Baloon Flying and No to Con-Ass event
Last Monday, the College of Science and the School of Economics of the University of the Philippines held a cross-disciplinary symposium titled “Darwin’s Impact on Science and Society” to commemorate the 150th anniversary of the publication of Charles Darwin’s ground breaking and world shaking book On the Origin of Species.
It was a well-attended lecture by students and faculty alike and featured four speakers from different disciplines that gave a taste of the far-ranging impact of Darwin’s book.
Dr. Perry Ong, the current chairman of the Institute of Biology in the UP, discussed the impact of Darwin in evolutionary biology. He stressed that Darwin’s assertions held up to the test of inquiry and evidence.
Evolution can be observed happening at human time scales even for the same type finches Darwin studied in the Galapagos. Together with Alfred Wallace in 1859, Darwin not only explained the biodiversity that we have right now for organisms but also the mechanism—natural selection—in which this proceeds.
For this it is best to quote from Darwin himself, from the concluding paragraph of his book originally titled as “The Origin of Species by Means of Natural Selection, or the Preservation of Favoured Races in the Struggle for Life”—
“It is interesting to contemplate an entangled bank, clothed with many plants of many kinds, with birds singing on the bushes, with various insects flitting about, and with worms crawling through the damp earth, and to reflect that these elaborately constructed forms, so different from each other, and dependent on each other in so complex a manner, have all been produced by laws acting around us . . .

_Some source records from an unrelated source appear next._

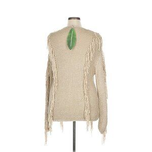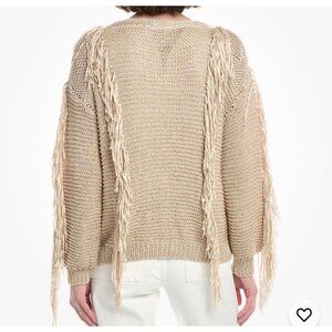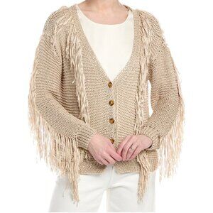 Farm Rio Sand Stripes Fringes Knit Cardigan Sz XL Button Up Boho Knitted NWT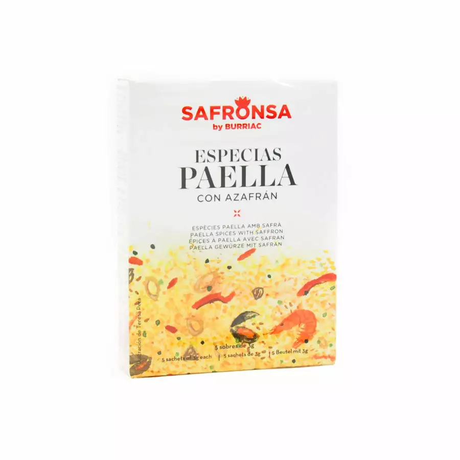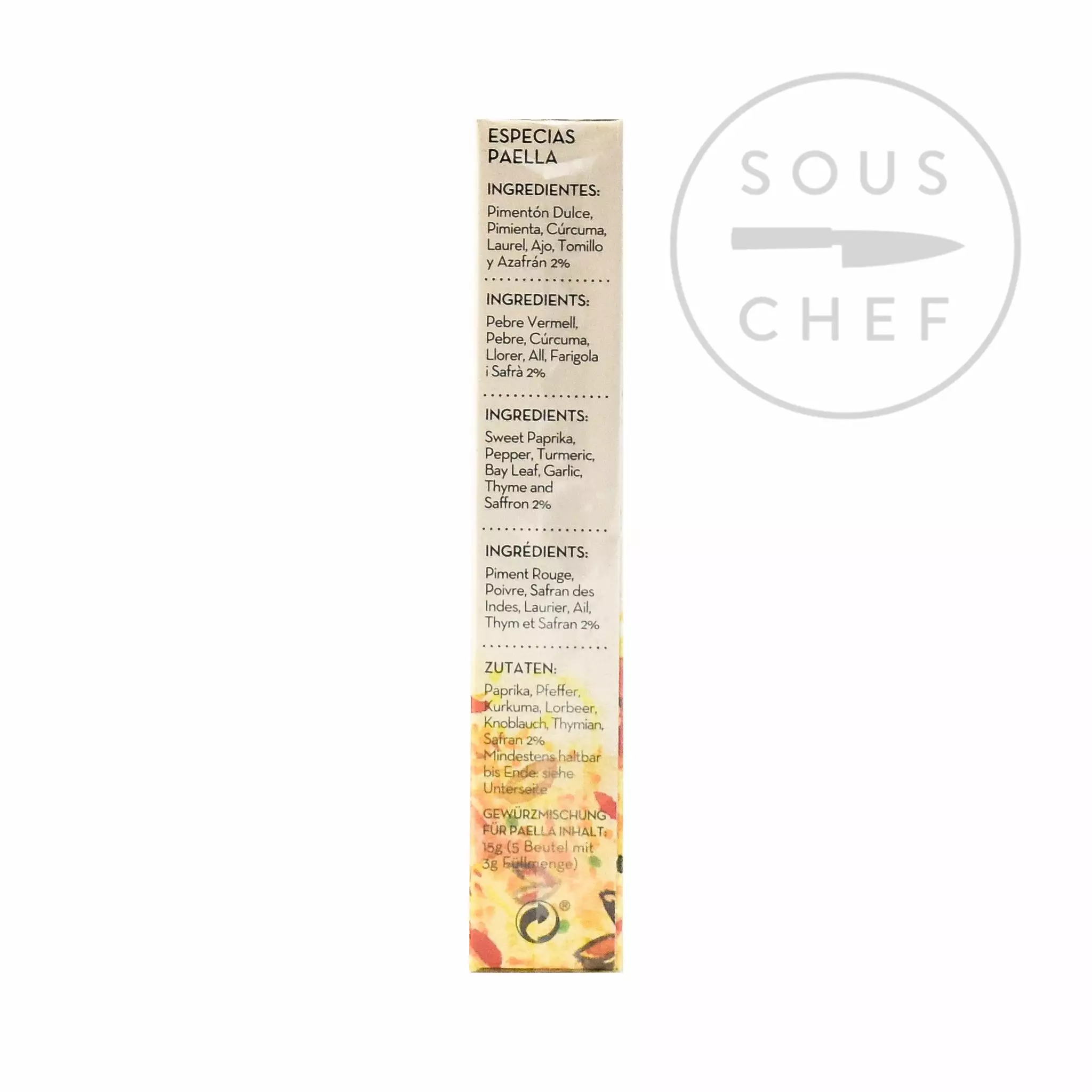 Use paella seasoning sachets to make an authentic looking and tasting paella quickly and easily. Simply sprinkle the contents of one sachet into cooked, short-grain rice and stir through. The paella seasoning includes five sachets of saffron and turmeric to give your paella the classic golden colour, and sweet paprika, pepper, bay leaf, garlic and thyme for great flavour. Just add the toppings of your choice – seafood, chicken, vegetables – and your paella is ready to serve.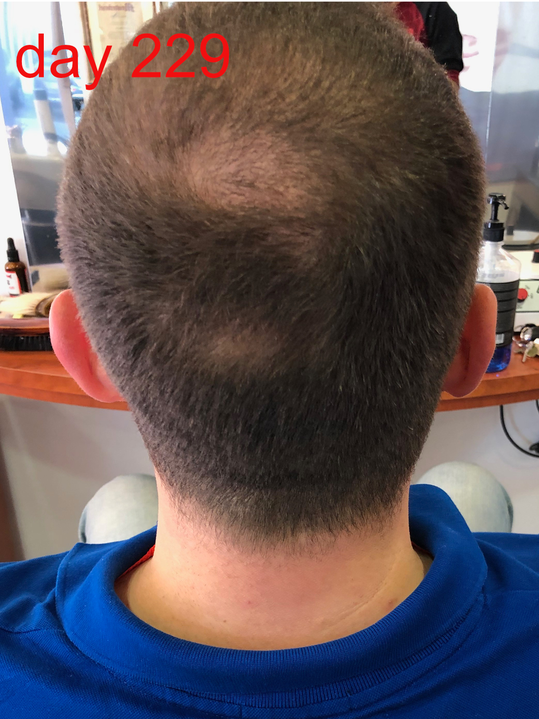 Tag 229 - 7,5 Monate nach der OP. Das Haar ist noch einmal ordentlich dicker geworden und ich bin sehr glücklich mit dem aktuellen Status. Hinten ist sicher noch Potential und ich hoffe auf weitere Verbesserung in den nächsten Monaten. Aber auch so bin ich jetzt schon extrem glücklich den Schritt gemacht zu haben...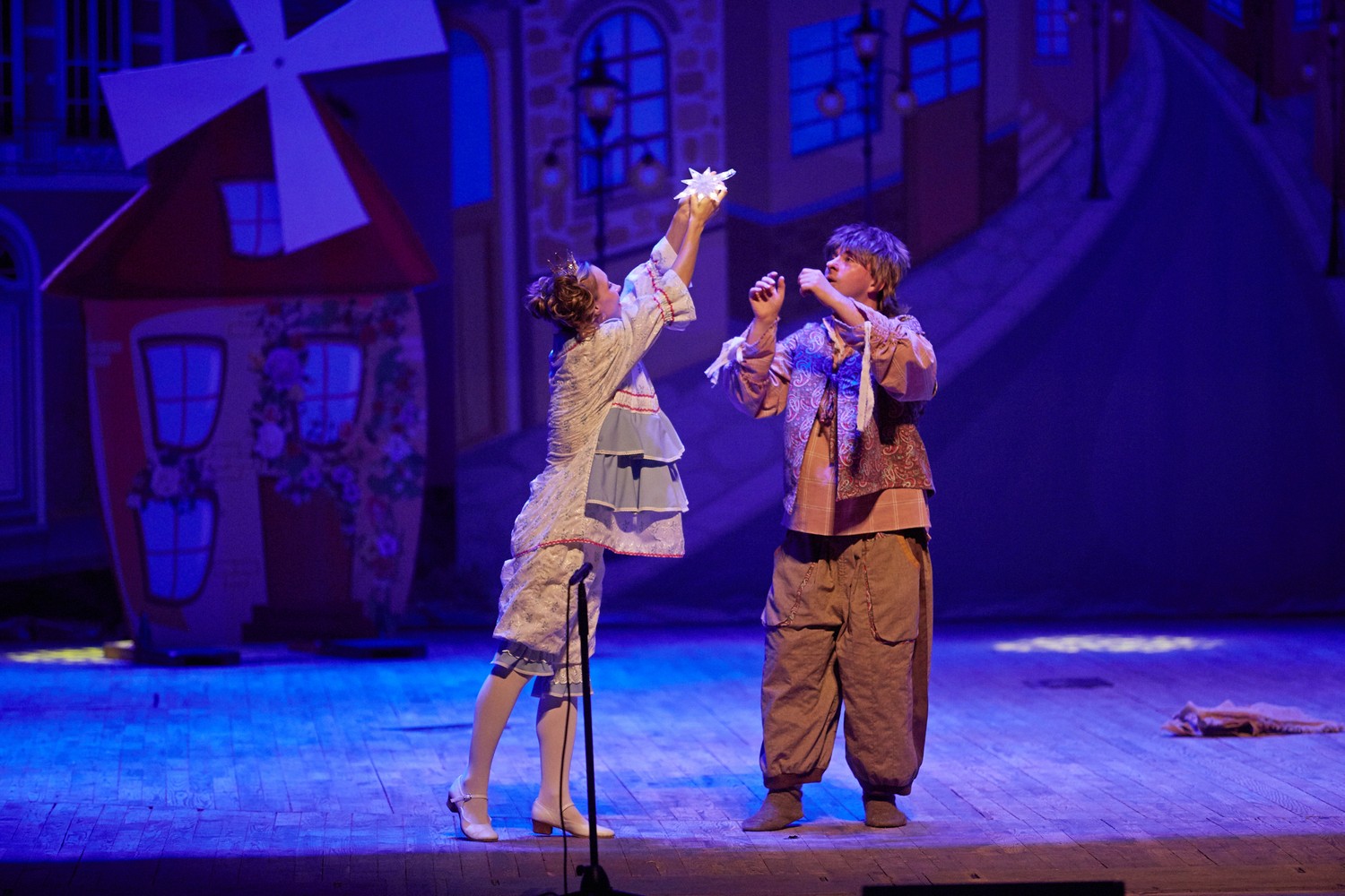 В основе спектакля — всем известная сказка Шарля Перро «Кот в сапогах», повествующая об удивительных приключениях отважного, доброго, озорного кота Барсильона и королевской кошечки Мурр-мяу.

Thus, from the war of nature, from famine and death, the most exalted object which we are capable of conceiving, namely, the production of the higher animals, directly follows. There is grandeur in this view of life, with its several powers, having been originally breathed into a few forms or into one; and that, whilst this planet has gone cycling on according to the fixed law of gravity, from so simple a beginning endless forms most beautiful and most wonderful have been, and are being, evolved.”
This breathtaking conclusion and its implication is sadly left out or distorted in our history books, as the second speaker from the Department of History, Dr. Maris Diokno, pointed out. References used in third year public high school have erringly ignored the scientific basis and evidence for Darwin’s theory, painting it instead as a dubious “theory” that is not to be believed in. Together with this downgrading of scientific fact is the upgrading of certain religious biases of the textbook writer which paints his/her opinion and interpretation of the Bible as equivalent or even supreme over established scientific norms. Several remarks later in the symposium raised the concern that there is not much review embedded in the writing and production of these textbooks and they do not consult with experts nor check the facts that we teach our students in high school and elementary.
Darwin’s impact is not just on science but as well as other fields like Economics. Dr. Raul Fabella of the School of Economics discussed Darwin in the context of the economic crisis and the failure of mathe-matized/physicized models of economic systems. Failure of game theoretical predictions when compared with field observations led him to yearn for deeper understanding of economics within the context of Darwin’s assertions. It is interesting that Darwin and Wallace partly based their conclusions from economic observations of Malthus and were influenced by Smith’s hidden hand idea.
They observed that although populations of organisms have the tendency to exponentially grow, we are not overwhelmed by any of these organisms. Asking on what factors would limit this growth and yield the observational data that they had (from the Voyage of the Beagle of Darwin and in Borneo for Wallace), both men ended up with convergent ideas of evolution through natural selection.
Rounding up the discussion was Dr. Michael Tan from the Department of Anthropology who discussed the evolution of cultures and ideas that framed the public’s reception of Darwin’s ideas. He delved into how institutions like the Church changed its view—evolving into a more open and embracing thought that the initial reactions of Darwin’s time. The public’s understanding of Darwin will surely evolve as well as we discuss the implication of his work not only to biology but also to other fields as well.
This year is the bicentennial of Darwin’s birth (February 12) as well as the 150th year of his ground-breaking On the Origin of the Species. It is timely to read Darwin in the time where the biodiversity that he saw and explained is being seriously threatened by economic and climate induced impacts throughout the world. We should see that this biodiversity is something that we have evolved into and if lost—could also spell disaster in the never ending struggle for existence for life in the world.